Dr. Gleicher explains that, unlike early menopause where the ovaries completely lose their ability to produce eggs, women with POA still have a chance to conceive. Although ovarian reserve naturally declines with age, approximately 10% of women experience this decline much earlier, a condition known as POA. With appropriate treatments, such as IVF combined with DHEA or CoQ10 supplementation and aggressive ovarian stimulation, women with POA can successfully conceive, unlike those with premature ovarian failure (POF) where egg production is lost entirely.
The exact causes of premature ovarian aging remain largely unknown, but evidence suggests that genetic factors play a significant role, as POA often runs in families. Medical treatments like chemotherapy and radiation, as well as surgeries involving the ovaries, can also lead to POA or even premature ovarian failure (POF). Certain conditions, such as autoimmune diseases, endometriosis, and pelvic infections, are linked to an increased risk of developing POA. For these reasons, CHR physicians recommend avoiding unnecessary pelvic surgeries if family planning is a consideration.
POA leads to diminished ovarian reserve, resulting in a poor response to ovarian stimulation during IVF cycles. This condition often produces low-quality eggs and embryos with a high rate of chromosomal abnormalities (aneuploidy). As a result, there are fewer viable embryos with a balanced set of chromosomes, leading to low pregnancy rates and a higher likelihood of miscarriage. These challenges make it significantly harder for women with POA to achieve and sustain a successful pregnancy.

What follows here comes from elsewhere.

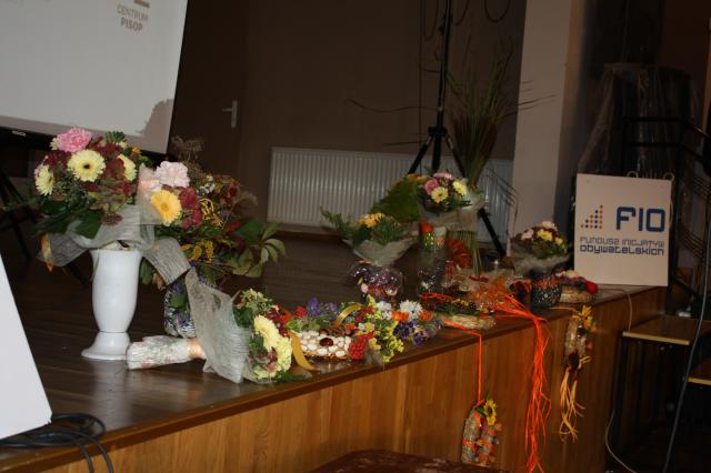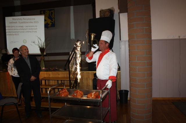 Zakończyliśmy realizacje projektu w ramach Wielkopolskiej Wiary dofinansowany z Fundacji Inicjatyw Obywatelskich za pośrednictwem PiSOP. 10 października w sali Miejsko-Gminnego Ośrodka Kultury w Lwówku spotkały się uczestniczki warsztatów prowadzonych w 7 miejscowościach na terenie gmin obszaru KOLD. Uczestniczki dokonały wystawy prac powarsztatowych, które wszyscy przybyli mogli obejrzeć. Podsumowania projektu dokonał członek Zarządu KOLD Ireneusz Witkowski wspomagany wyświetlanymi zdjęciami przez prowadzącego projekt Piotra Kłosa. W dyskusji wszyscy podkreślali trafność tematyki warsztatowej i proponowali o przeprowadzanie kolejnych tego typu zajęć. Swoimi pozytywnymi uwagami podzieliła się także prowadząca warsztaty Bernadeta Loba. Wiceprezes KOLD Jerzy Dziamski podziękował za przeprowadzenie warsztatów i całego projektu. Na podsumowaniu obecny był także wiceburmistrz Nowego Tomyśla Paweł Mordal. Na zakończenie spotkania uczestnicy wymieniali uwagi przy wspólnym posiłku przygotowanym przez Interbar z Grońska, który w specjalnej oprawie z sygnałami myśliwskimi serwował swoje dania warsztatowe.
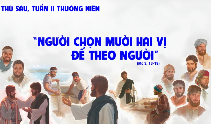 Khi ấy, Chúa Giêsu lên núi và gọi những kẻ Người muốn gọi, và họ đến cùng Người. Người chọn mười hai vị để theo Người, và sai các ông đi giảng và ban cho các ông quyền trừ quỷ. Mười hai vị ấy là: Simon mà Người đặt tên là Phêrô, Giacôbê con ông Giêbêđê, và Gioan là em Giacôbê, (cả hai được Người đặt tên là Boanerges, nghĩa là con của sấm sét), rồi đến Anrê, Philipphê, Bartôlômêô, Matthêu, Tôma, Giacôbê con ông Alphê, Tađêô, Simon nhiệt tâm, và Giuđa Iscariô là kẻ nộp Người.

Premature ovarian failure (POF), also known as primary ovarian insufficiency (POI), is a loss of ovarian function before the age of 40. POF can affect women at various ages, from their teenage years to their 30s. Women with POF are at a greater risk of a range of health issues, including osteoporosis, estrogen deficiency (hot flashes, vaginal dryness, etc.), and heart diseases. These POF-related issues can usually be managed well with hormonal replacement. However, for women with POF, fertility poses a challenge, as the loss of ovarian function means that the probability of pregnancy with their own eggs is greatly reduced.

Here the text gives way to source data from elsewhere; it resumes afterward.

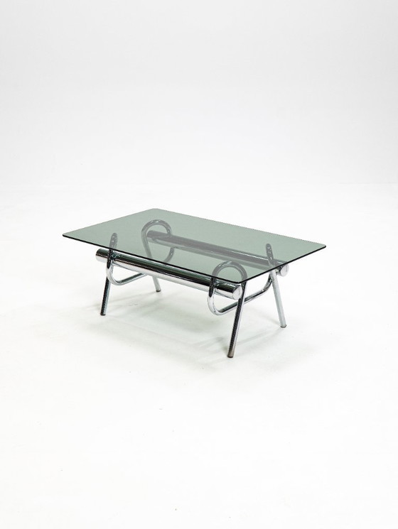 Immergiti nell'eleganza degli anni '70 con questo scultoreo tavolino da caffè cromato con nodo, un capolavoro di design e funzionalità. La straordinaria base cromata del tavolo, realizzata con intricati dettagli a nodo, sostiene un elegante piano in vetro, creando un armonioso mix di materiali che trasuda raffinatezza e stile.
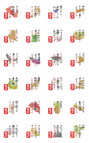 熊沢(くまざわ.くまさわ)さん用の動く川柳スタンプ第2弾のダジャレ編です。俳句的な五・七・五のリズム!byふるふるもんきー
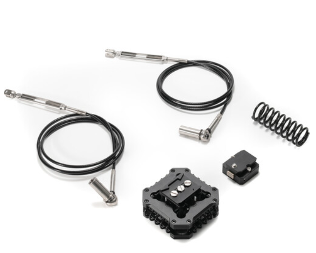 Tilta HDA-T08-MK-R2 komplet zamjenjuje standardne poliuretanske amortizere amortizerima od čelične žice koji izvrsno ublažavaju jake vibracije s neravnih cesta i vožnje velikom brzinom. Čvršća opruga za teške uvjete rada povećava sigurno radno opterećenje na 28,7 lb, dok priložena adapterska ploča za Ronin 2 s brzim otpuštanjem omogućuje izravnu montažu zgloba bez alata i dodatnih lastavičinih repova. Dva 2-metarska potporna kabela od nehrđajućeg čelika dodaju redundantnost i dodatno stabiliziraju sustav. Napomena: ova modifikacija ograničava ruku na samo dva dijela (bez trećeg produžetka) kako bi se održale sigurnosne granice pri većem korisnom opterećenju.
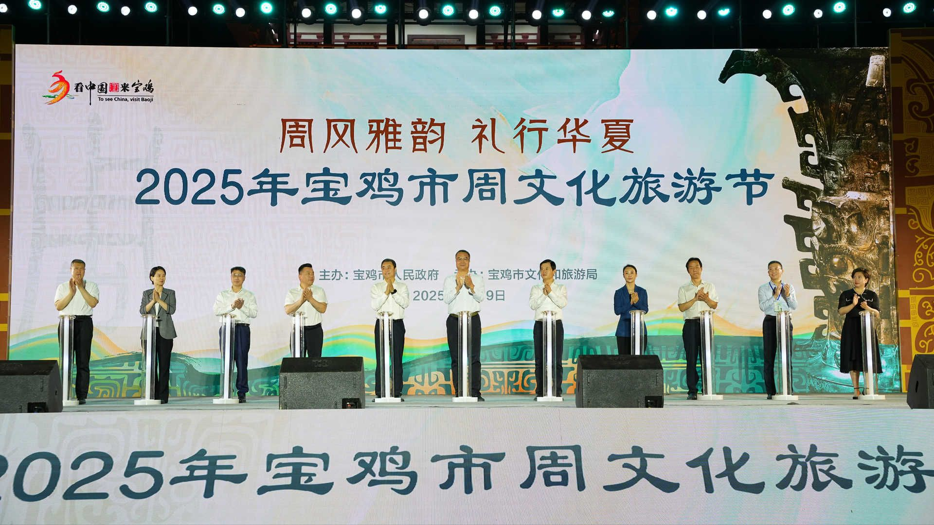 “周风浩荡起宝鸡,青铜铭史铸华章”。5月19日晚,2025年宝鸡市周文化旅游节在中华石鼓园开幕,诚邀八方宾朋相聚宝鸡开启一场精彩纷呈的周文化之旅。宝鸡市委书记杨广亭、市长王勇、市人大常委会主任景耀平参加开幕活动。
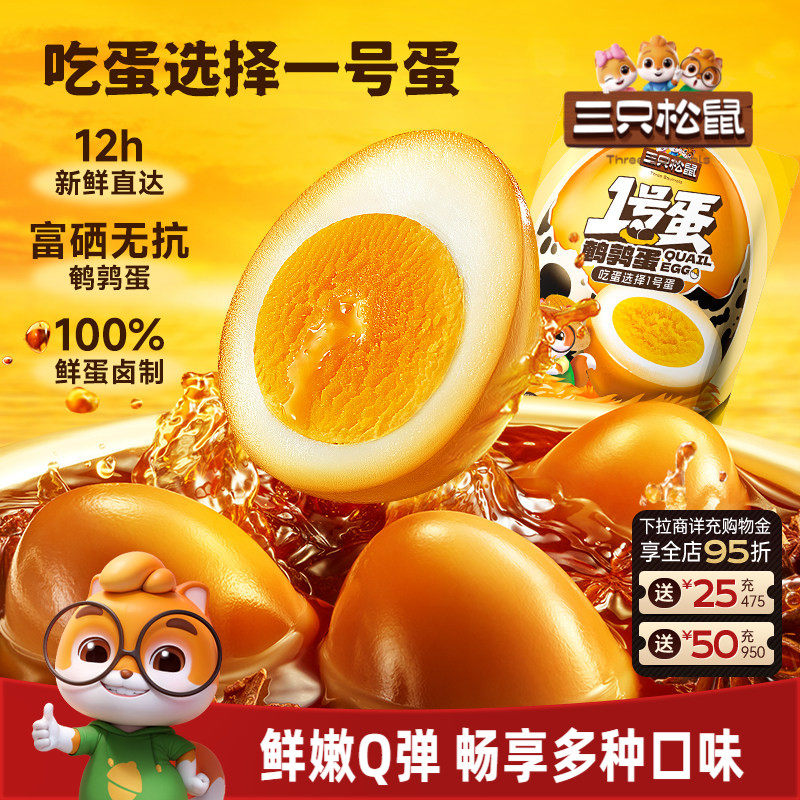 -> 三只松鼠_鹌鹑蛋多口味熟食零食大礼包小吃富含硒卤蛋小包装熟食
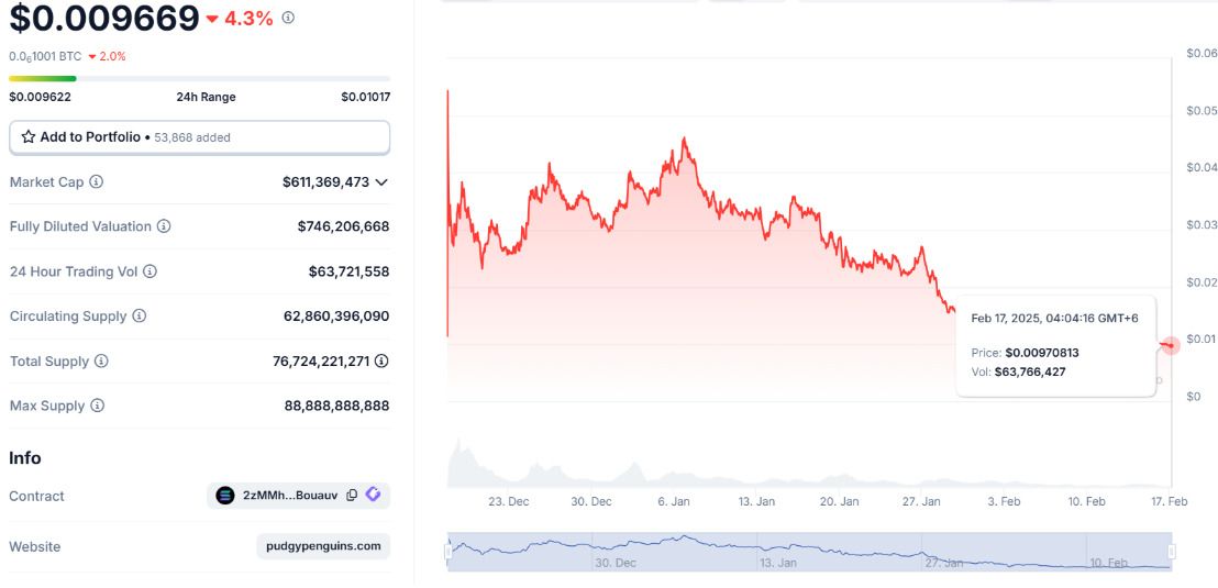 NFT领域的市场波动和激烈竞争导致Pudgy Penguins的价值下降。截至2025年2月17日,$PENGU代币的价格约为0.0097美元。

Premature ovarian failure can be caused by several factors, including genetic conditions like Turner Syndrome and Fragile X syndrome. Autoimmunity, where the immune system mistakenly attacks the ovaries, is another potential cause. Surgical removal of ovarian tissue, such as during surgery for endometriomas, can also trigger early menopause. Additionally, chemotherapy and radiation can deplete the ovarian follicle pool, leading to POF, which is why fertility preservation is often recommended for cancer patients.

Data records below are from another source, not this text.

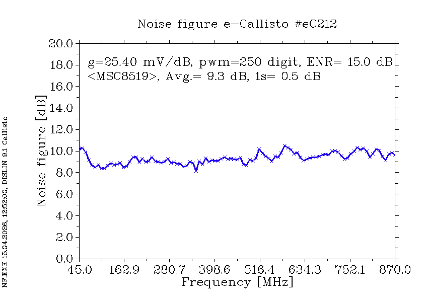 | eC212 | plot at AGC=80pwm | sfdr | NF | Sens | plot vs frequency | plot vs integration time at 610.0 MHz | 253mA/12V | Storage @ HB9SCT, 2026-04-15 |
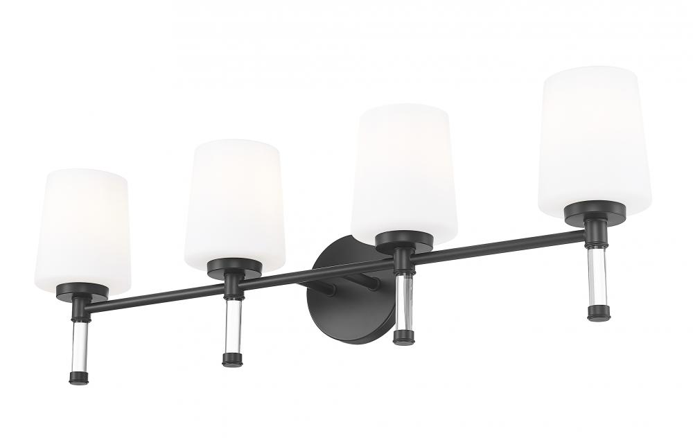 For a bold statement, this matte black four-light vanity light stretches across the mirror like a tailored line, grounding lighter finishes and adding depth to the room. Crystal accents and white shades keep the composition from feeling heavy, allowing the light to spill gently across countertops while still reaching every part of a larger vanity. Whether paired with warm wood, concrete, or glossy tile, this confident fixture gives the space a gallery-like presence that feels both modern and welcoming.
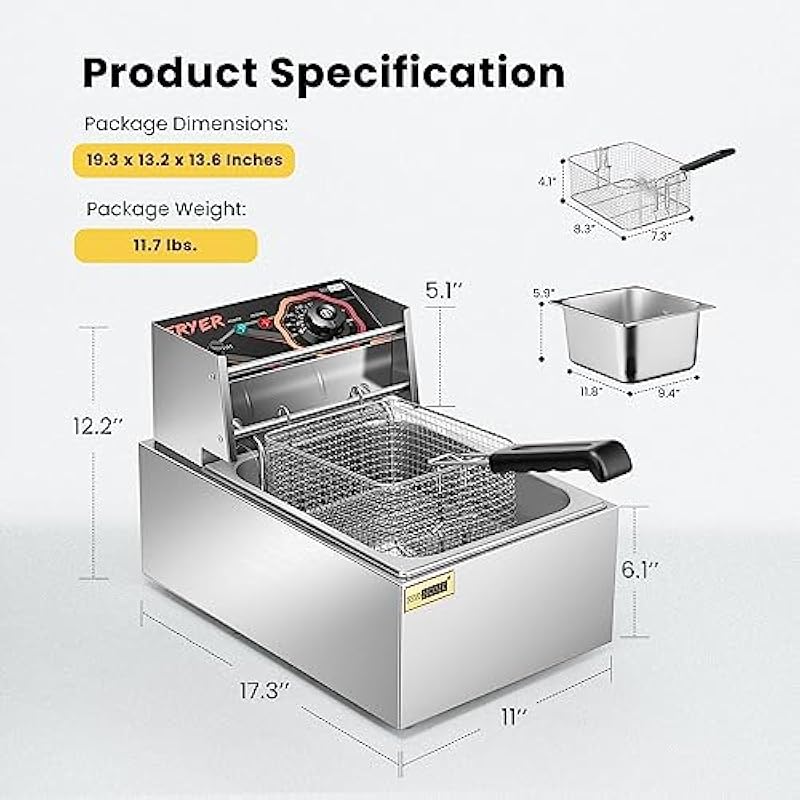 - CONVENIENT AND SAFE – The well-matched lid can prevent hot oil from splashing out and won’t release heavy smoke in the air; The handle of the frying basket can isolate the high temperature during use; The power light and heating indicator light can easily determine if the machine is in use and avoid forgetting to power off after use; A temperature limiter is equipped that automatically shuts down the machine if the temperature rises above 460℉ (240℃), ensuring maximum safety
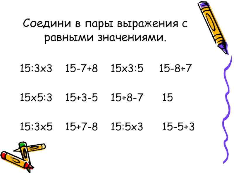 Соедини в пары выражения с равными значениями.15:3x3  15-7+8  15x3:5   15-8+715x5:3  15+3-5
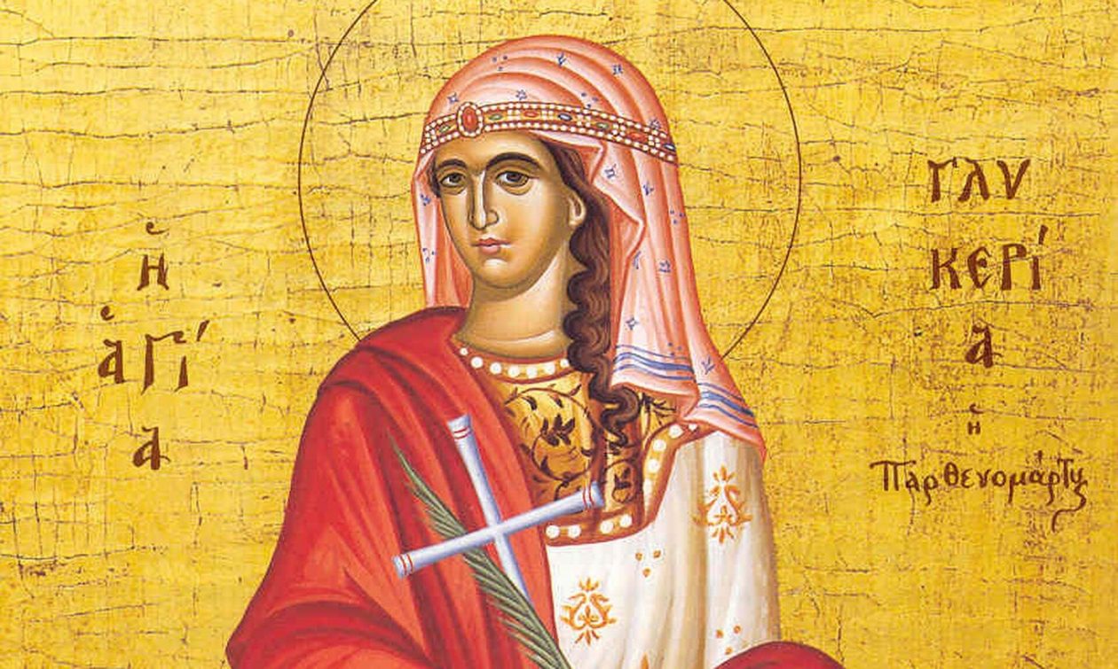 Τὴν καλλιπάρθενον, Χριστοῦ τιμήσωμεν, τὴν ἀριστεύσασαν πόνοις ἀθλήσεως, καὶ ἀσθένεια τῆς σαρκός, τὸν ὄφιν καταβαλοῦσαν πόθω γὰρ τοῦ Κτίσαντος, τῶν βασάνων τὴν ἕφοδον, παρ’ οὐδὲν ἠγήσατο, καὶ θεόθεν δεδόξασται πρὸς ἣν ἀναβοήσωμεν πάντες, χαίροις θεόφρον Γλυκερία.

Premature ovarian failure in younger women can present with symptoms similar to those of natural menopause, such as irregular periods, hot flashes, vaginal dryness, and mood swings. Other symptoms may include bladder issues, dry skin, and decreased sexual desire. Even if not trying to conceive, women experiencing these symptoms should seek medical help, as POF can have serious effects on overall health. Early intervention is crucial for managing the broader impacts of POF on the body.